Energy development is a significant application area for shape memory alloys. Utilizing the property of shape memory alloys to change shape during heating and cooling, low-grade thermal energy such as waste heat, geothermal energy and solar energy can be directly converted into mechanical energy for use.
Based on this principle, a variety of heat engines have been successfully developed, accelerating the miniaturization and portability of heat engines.
In recent years, researchers around the world have developed materials with memory functions, mainly shape memory, temperature memory and color memory. Among them, the development of shape memory alloy materials is the fastest.
Due to the superior performance and broad application prospects of shape memory alloy materials in areas such as automobiles, robotics, energy development, medical equipment and household appliances, they have become one of the key new materials to be developed in the 21st century.
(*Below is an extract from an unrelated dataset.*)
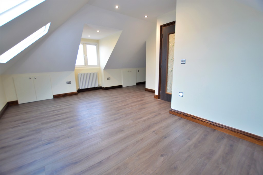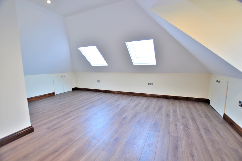 The master bedroom is on the first floor, it has four velux windows offering plenty of light. Also on the first floor is another bathroom with a bath/shower, WC and sink.

Shape memory alloys were the first materials with memory function discovered. In the early 1950s, experts from the University of Illinois in the United States accidentally discovered during an experiment that gold-cadmium alloys have a shape memory function.
Later, it was discovered that indium-thallium alloys also have a similar memory effect, but due to their high cost they did not attract attention. It was not until 1963, when the US Naval Weapons Research Institute accidentally discovered during its research on nickel-titanium alloys that these alloys had a significant shape memory effect.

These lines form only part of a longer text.